By Winston Law Group in Estate Planning & Asset Protection
The divorce rate in the United States is currently about 50% of all marriages. Most parents do not want to see their estate assets go to a child’s divorced in-law in a marital property division even though they usually want their child, and their grandchildren, to benefit from their estate. What should parents do to take into consideration the possibility or probability of a child’s divorce?

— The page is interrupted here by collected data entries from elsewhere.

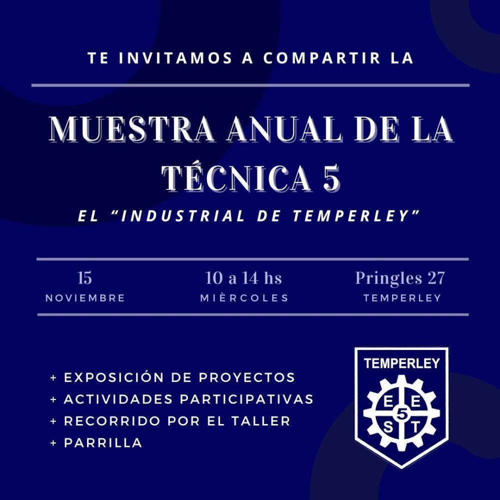 La Escuela Secundaria Técnica Nº5, más conocida como el Industrial de Temperley, se prepara para llevar adelante una muestra anual que tiene como fin exponer los proyectos y los trabajos en los que estuvieron trabajando los alumnos a lo largo del 2023. La jornada se hará el próximo miércoles 15 de noviembre, de 10 a 14, y es abierta para que participen los vecinos.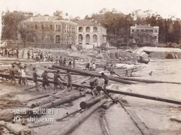 ▲鼓浪屿人民在田尾堤岸抢救木材。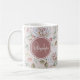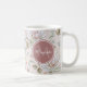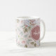 Une élégante tasse beige couleur crème avec un beau motif fleuri de roses rose pâle et crème. Personnalisez en ajoutant votre nom et votre monogramme à l'insigne octagon rose de cendres arrondi. Il fait partie de la collection de Roses de cendres florales de crème beige de la collection.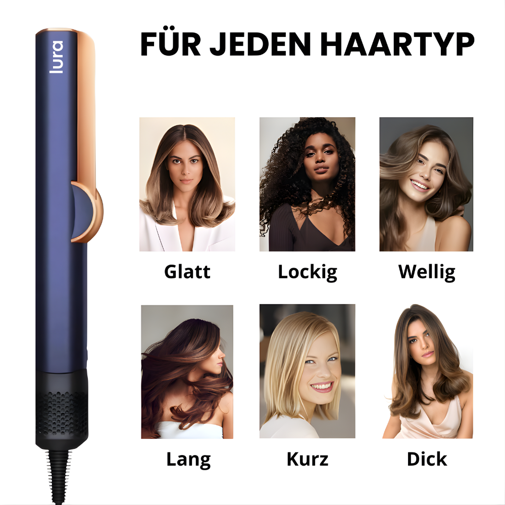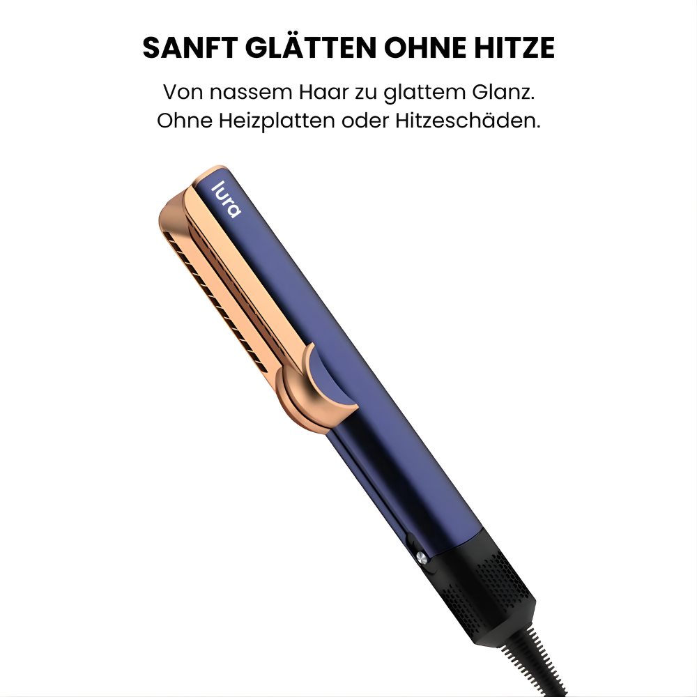 Style dein Haar von nass bis trocken mit kraftvoller Luft , ohne Hitze und ohne Beschädigung . Vereinfache deine Routine und erhalte in einem Schritt glattes, gesundes Haar mit dem Lura - 2 in 1 Haarglätter.
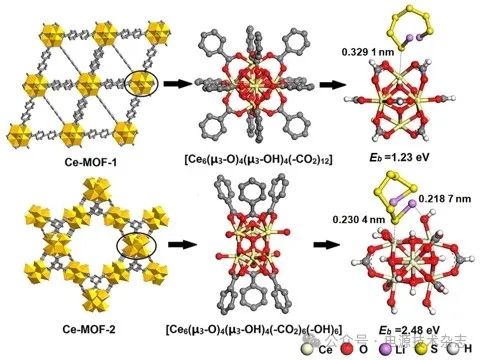 圖3 Ce-MOF-1和Ce-MOF-2的結(jié)構(gòu)、金屬節(jié)點和Li2S6吸附位點[18]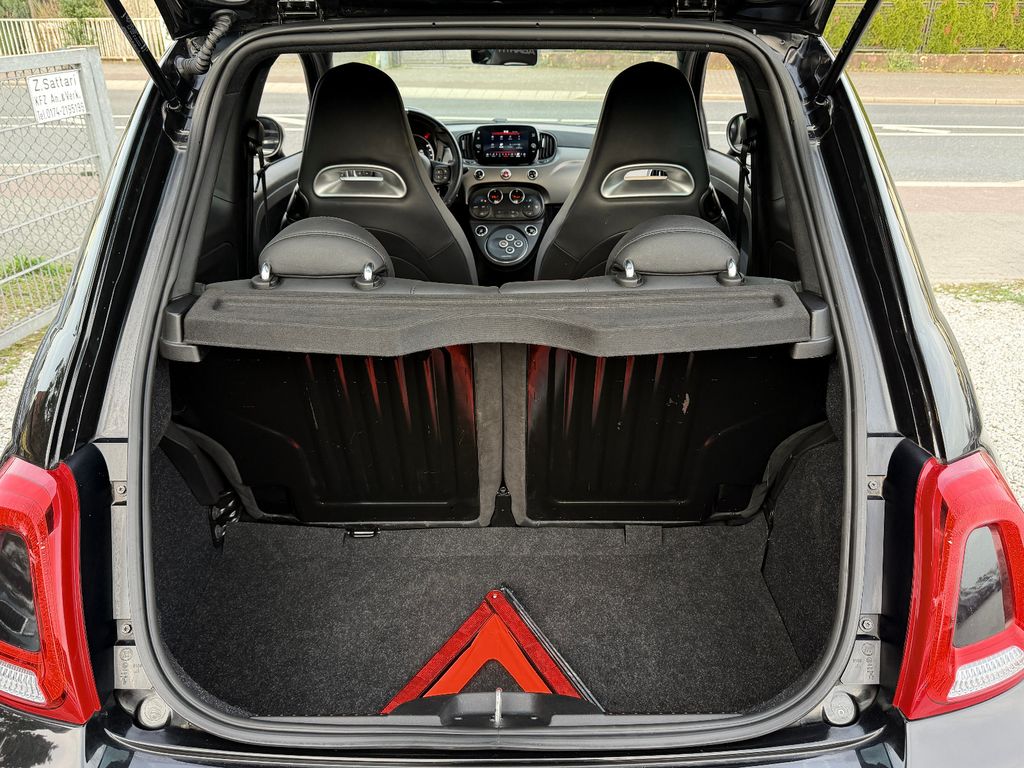 Adaptives Dämpfersystem an der Hinterachse (Frequenzy Selective Damping), Airbag Fahrer-/Beifahrerseite, Antischlupfregelung (ASR) + ABS, Außenspiegel elektr. verstell- und heizbar, beide, Außenspiegel Wagenfarbe, Bremssättel grau lackiert, Einparkhilfe hinten, Elektron. Traktionskontrolle, Exterieurumfänge Chrom, Fußmatten, Infotainment-System: UConnect mit MP3-Player, DAB Radioempfang (Touchscreen 7"), Innenausstattung: Einlagen Armaturenbrett, lackiert, Innenausstattung: Einlagen Armaturenbrett, Schwarz Matt, Innenausstattung: Leder-Applikationen, Isofix-Aufnahmen für Kindersitz an Rücksitz, Karosserie: 3-türig, Kopf-Airbag-System vorn, Ladedruckanzeige, Lenkrad (Leder/Alcantara, mit Carbon-Einsatz), Lenkrad (Sport/Leder) mit Multifunktion, Lenksäule (Lenkrad) höhenverstellbar, LM-Felgen, Luftfilter: Sportluftfilter, Modellpflege, Motor 1,4 Ltr. - 121 kW 16V Turbo KAT, Motor-Schleppmoment-Regulator (MSR), Multifunktionsanzeige mit Farbdisplay, Rücksitz geteilt / klappbar, Schadstoffarm nach Abgasnorm Euro 6d, Schalt-/Wählhebelgriff Leder, Seitenscheiben hinten abgedunkelt, Seitenschweller Wagenfarbe, Smartphone Schnittstelle (Apple CarPlay & Android Auto), Sport-Auspuffanlage, Sport-Fahrwerk tiefergelegt, Sportsitze mit Logo Abarth, Steckdose (12V-Anschluß) in Mittelkonsole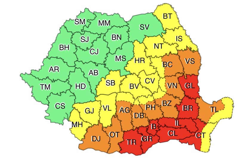 Miercuri, în sudul Olteniei, nordul Munteniei, nord-vestul Dobrogei și în centrul și sud-vestul Moldovei va fi cod portocaliu de caniculă și se vor înregistra temperaturi maxime în general de 37…39 de grade, astfel că disconfortul termic va fi accentuat. Indicele temperatură-umezeală (ITU) va depăși pragul critic de 80 de unități.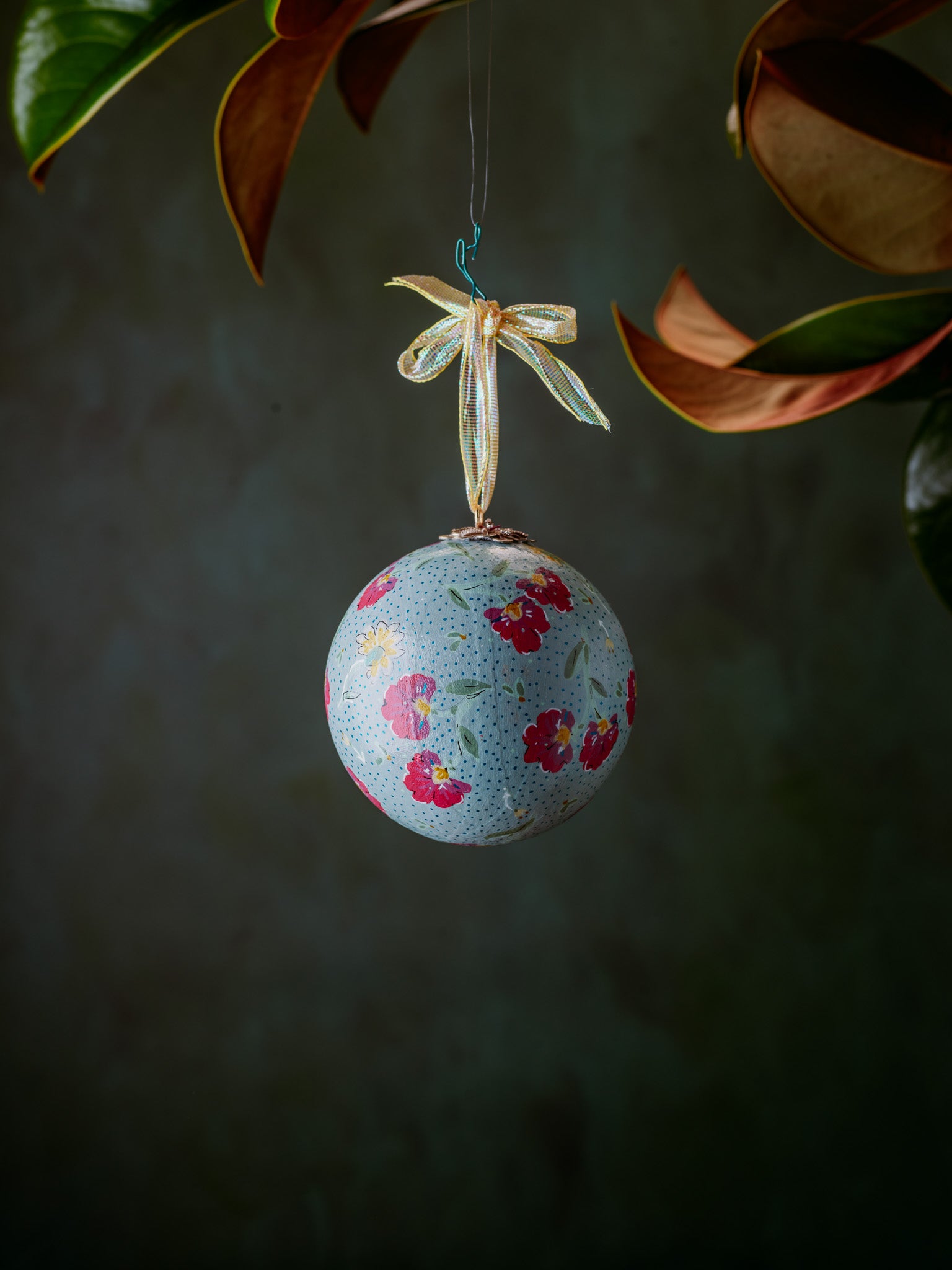 Ball Ornament Blue Red Floral Sprig (1/1)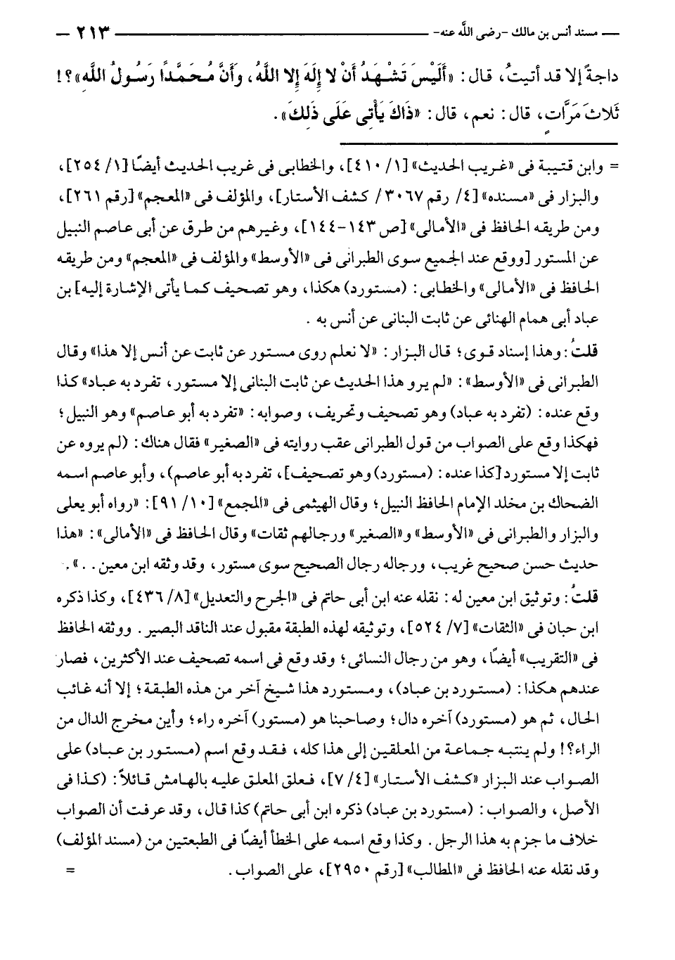 قلتُ: وهذا إسناد قوى؛ قال البزار: "لا نعلم روى مستور عن ثابت عن أنس إلا هذا" وقال الطبراني في "الأوسط": "لم يرو هذا الحديث عن ثابت البنانى إلا مستور، تفرد به عباد" كذا وقع عنده: (تفرد به عباد) وهو تصحيف وتحريف، وصوابه: "تفرد به أبو عاصم" وهو النبيل؛ فهكذا وقع على الصواب من قول الطبراني عقب روايته في "الصغير" فقال هناك: (لم يروه عن ثابت إلا مستورد [كذا عنده: (مستورد) وهو تصحيف]، تفرد به أبو عاصم)، وأبو عاصم اسمه الضحاك بن مخلد الإمام الحافظ النبيل؛ وقال الهيثمى في "المجمع" [١٠/ ١٩]: "رواه أبو يعلى والبزار والطبرانى في "الأوسط" و"الصغير" ورجالهم ثقات" وقال الحافظ في "الأمالى": "هذا حديث حسن صحيح غريب، ورجاله رجال الصحيح سوى مستور، وقد وثقه ابن معين .. ".

The answer requires a general explanation of Massachusetts family law and how a probate court divides marital assets. Although some states specifically exclude inherited assets from a marital estate, assets inherited in Massachusetts before or during a divorce may be included as marital property under a principle called “equitable division.” Factors include use of the assets during the marriage, co-mingling with other marital assets, need, immediacy of receipt, and other considerations. Even the potential for an inheritance or a remainder interest in a trust could affect the outcome of the division of already existing marital property under a principle called “expectancy.” Child support is an additional factor.
Therefore, it is an important that when parents are doing asset protection planning for themselves by transferring property to their children during their own lifetimes, they take this into consideration and not leave their gifted assets under the direct individual ownership of a child if there is any chance of divorce. Additionally, many parents who transfer property to children expect that if there is ever a need for the child to voluntarily support them with the property in return, then it will be available to do so, and not be lost or encumbered in a divorce.
A primary technique for avoiding this direct control risk is to put the property in trust with an independent trustee, and only name the at-risk child as a beneficiary upon some future contingency, such as the death of the surviving parent. An independent trustee could be a professional such as a bank or attorney, or it could be a dependable family member such as another child. If grandchildren are named as beneficiaries, the independent trustee is often an aunt or uncle, but not the grandchildren’s at-risk parent.
While this will not totally remove the possibility that a probate court could still use the child’s share of the trust property in calculating the current division of joint marital property already within the control of the child, it will eliminate direct loss of the assets to the spouse. As an additional protection, drafters of trusts sometimes include authority for an independent third party to temporarily or permanently remove a child beneficiary from a trust if a divorce is pending.
A trust can also continue to keep property safe following the death of the parents if the child has ongoing liabilities. The decision for distributions could remain totally within the discretion of an independent trustee, whereas the trustee would keep track of the financial stability of the child before making a distribution. However, while the principal in a third-party discretionary trust cannot be directly attached by the divorcing spouse, any distributions from the trust for the benefit of the child could be fair game for the divorcing spouse to attempt to attach.
There is no one plan that works well for every situation. There is considerable latitude in how courts can treat the child’s share in dividing marital property, even when only potential inheritances and inaccessible assets are involved. It is also recommended that if a divorce is contemplated or pending, the estate planning attorney coordinate the plan with the child’s divorce attorney to help determine which plan will best protect the assets, and yet eventually provide for the child or grandchildren according to the wishes of the parents.